Once you find the line below that has "Immunoperoxidase of monoclonal", output it and every line after it exactly, stopping after the line that has "Технически характеристики Материали: керамика", with no pictures.

* [THE RECORDS]:

━━━━━━

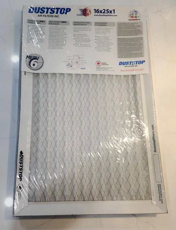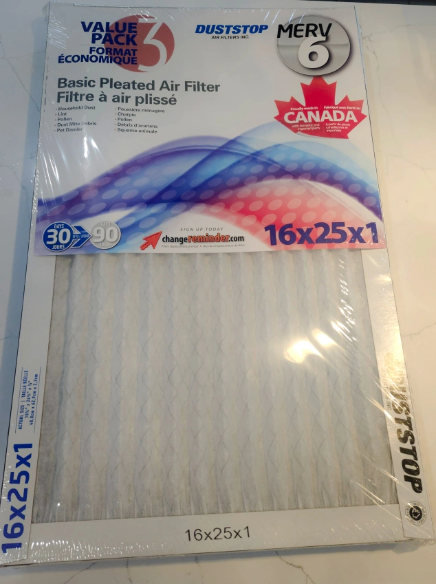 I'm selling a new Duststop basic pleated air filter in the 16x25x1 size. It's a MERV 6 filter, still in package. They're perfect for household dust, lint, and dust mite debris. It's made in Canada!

━━━━━━

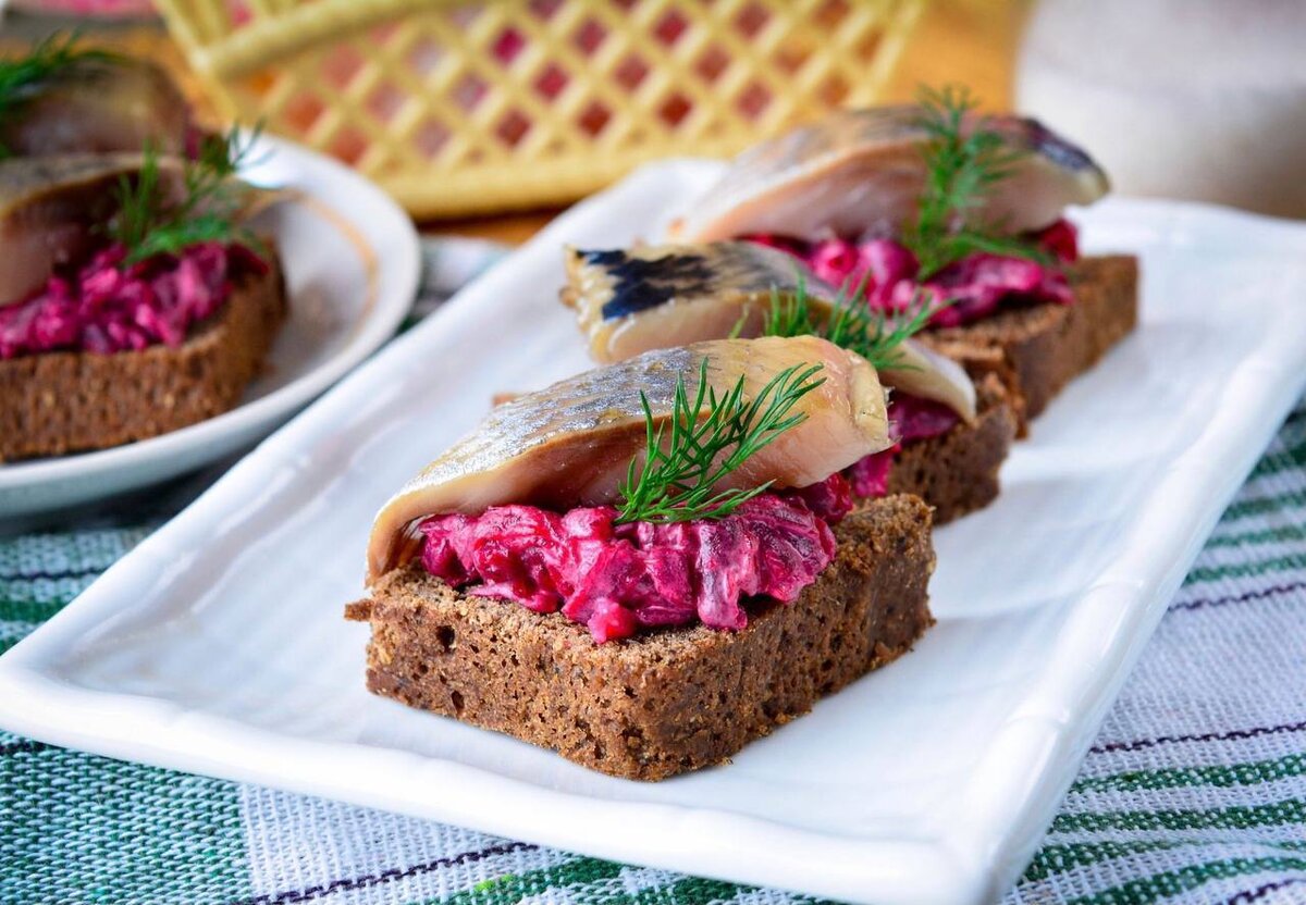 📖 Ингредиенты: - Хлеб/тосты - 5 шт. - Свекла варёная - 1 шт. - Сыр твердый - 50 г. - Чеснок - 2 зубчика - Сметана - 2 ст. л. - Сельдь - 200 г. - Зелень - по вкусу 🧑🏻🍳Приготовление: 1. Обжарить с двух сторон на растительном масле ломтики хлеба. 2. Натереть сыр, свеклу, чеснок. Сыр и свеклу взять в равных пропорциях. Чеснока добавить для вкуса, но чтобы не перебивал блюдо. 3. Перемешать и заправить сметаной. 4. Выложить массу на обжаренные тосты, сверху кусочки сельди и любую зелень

━━━━━━

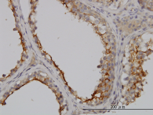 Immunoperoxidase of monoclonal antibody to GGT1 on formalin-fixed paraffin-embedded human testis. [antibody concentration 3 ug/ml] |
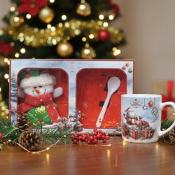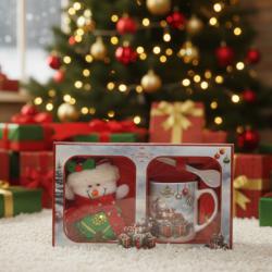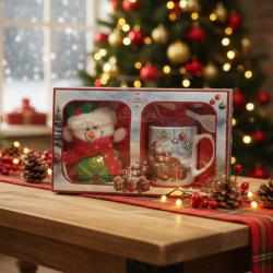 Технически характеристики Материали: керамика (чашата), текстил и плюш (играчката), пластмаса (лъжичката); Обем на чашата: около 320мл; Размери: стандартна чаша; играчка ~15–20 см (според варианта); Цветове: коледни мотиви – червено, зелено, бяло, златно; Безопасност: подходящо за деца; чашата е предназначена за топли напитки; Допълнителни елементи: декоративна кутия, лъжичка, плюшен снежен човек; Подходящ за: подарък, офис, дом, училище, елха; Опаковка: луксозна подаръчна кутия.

━━━━━━

* [RESULT]:
 Immunoperoxidase of monoclonal antibody to GGT1 on formalin-fixed paraffin-embedded human testis. [antibody concentration 3 ug/ml] |
 Технически характеристики Материали: керамика (чашата), текстил и плюш (играчката), пластмаса (лъжичката); Обем на чашата: около 320мл; Размери: стандартна чаша; играчка ~15–20 см (според варианта); Цветове: коледни мотиви – червено, зелено, бяло, златно; Безопасност: подходящо за деца; чашата е предназначена за топли напитки; Допълнителни елементи: декоративна кутия, лъжичка, плюшен снежен човек; Подходящ за: подарък, офис, дом, училище, елха; Опаковка: луксозна подаръчна кутия.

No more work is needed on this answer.